David: There are two somewhat contradictory positions. One is that he simply declined to introduce troops in 1954: France wanted American forces to enter the conflict, and there was discussion with Churchill, but he declined.

Second, the first Indochina War ends with a line drawn along the 17th parallel. Behind that line is a government that we support. A historian would say that Eisenhower drew that line. But when the transition from Eisenhower to Kennedy occurred, the question was whether the Democratic successor was going to respect that line and view it as being as important as Eisenhower did. As president, Eisenhower took the line drawn in Germany very seriously and he took the line drawn in Korea very seriously—and these were lines drawn by Truman. The question was whether the Democrats were going to respect the line, and the importance of the line, that Eisenhower had drawn.

So I think the effect of cutting down the Indochina sections of his memoir was to eliminate some of the friction the Eisenhower administration had over the question of ground intervention, and to make it unmistakable that Dwight Eisenhower regarded the fate of South Vietnam as being equally important to the fate of South Korea and of West Germany, and that it was a line to be held. The question was, how do you hold it?

Johnson wanted to hold it, but he was also surrounded by advisers who felt that Asia simply didn't matter, that it was a secondary theater to Europe and that it could safely be given up.

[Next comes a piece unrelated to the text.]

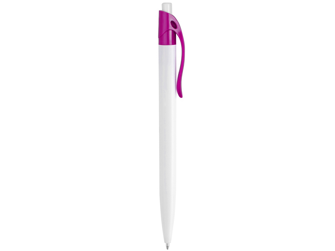 Стильная пластиковая ручка с ярким цветным клипом и белым корпусом отлично подойдет для нанесения логотипов и рекламной информации. Нажимной механизм.

Johnson wrote a letter to [Washington journalist] Drew Pearson in 1968 saying that the issue between himself and his advisers is simple: He believes that the American interest runs to Southeast Asia; the advisers do not. That was the rub. Eisenhower did not want the ins and outs of a complex decision made in 1954, ultimately successful, to be used to justify abandonment of the South Vietnamese government in the 1961-63 period.

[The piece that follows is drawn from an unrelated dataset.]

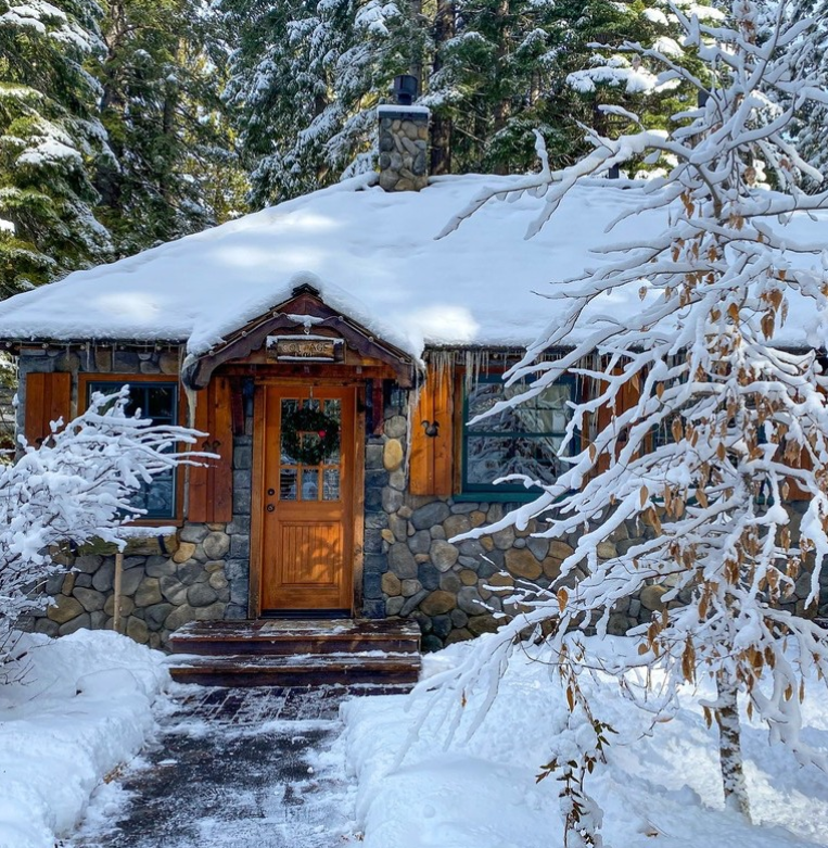 This enchanting stone cabin looks straight out of a winter fairytale—snow-covered roof, frosted trees, and a warm wooden door that feels impossibly inviting.

Can each of you describe a lasting lesson from Ike that nobody else could have taught you?

Julie: I have to go back to the whole issue of personal courage and spirit, a person who radiates good will.

To me, the epitome of Dwight Eisenhower's spirit was toward the end of the 1968 campaign, when David and I walked into his hospital room at Walter Reed. He's propped up in bed on two pillows, wearing a hospital gown, and he's so thin. But his face just lights up because his grandson has come in. And he whips open his hospital gown, and there, on the electrodes attached to each side of his chest, he has stuck a Nixon-Agnew sticker! All just to make spirits soar. It was remarkable.

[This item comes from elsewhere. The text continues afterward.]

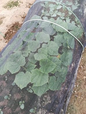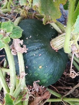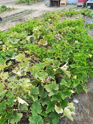 そのキュウリの定植予定地のカボチャ畑ですが、まだ幾らか葉が残り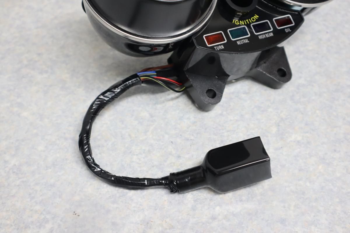 メーター、カバー、ステー、ハーネス、インジケーターのフルセットです。

David: I would say the same thing. The title "Going Home to Glory" says that it's really his journey, from the presidency to the end. And the reason we did a book on it is that his journey made such an impression on us.

Even at the end, look at the way he wants to make sure Mamie's all right when she has her tests in early 1969; that's the very last entry he writes from the hospital. He thought of others, and he faced this infirmity with the same character that he brought to all of his challenges in public service. He did not hold himself above others. He simply faced life as it presented itself to him, with great courage.

What have each of you missed most about him since his death?

David: I don't think he's ever quite gone away, to be honest! I've gotten to know so much more about him in the years since his death—working on Eisenhower: At War, the book I wrote about his years as supreme commander. He's never gone away in that sense.

I think Julie would agree that he was a very powerful presence, with extraordinary energy and vitality, and that presence is missed. And we could say the same thing about her dad and other figures we've known. They're irreplaceable.

Julie: I think that's a beautiful way of putting it. All that I would add is that he was a grandfather figure to me—not in the sense that I knew him well as a child, because I only met him a few times. But it was his presence in my parents' lives. They would be campaigning or going to countries around the world representing him. He was like a daily presence when I was growing up. And I watched my father anguish when Pres. Eisenhower died, because he had so much respect and admiration and affection for him. This was a major father figure for him, so his loss was felt very much in our family.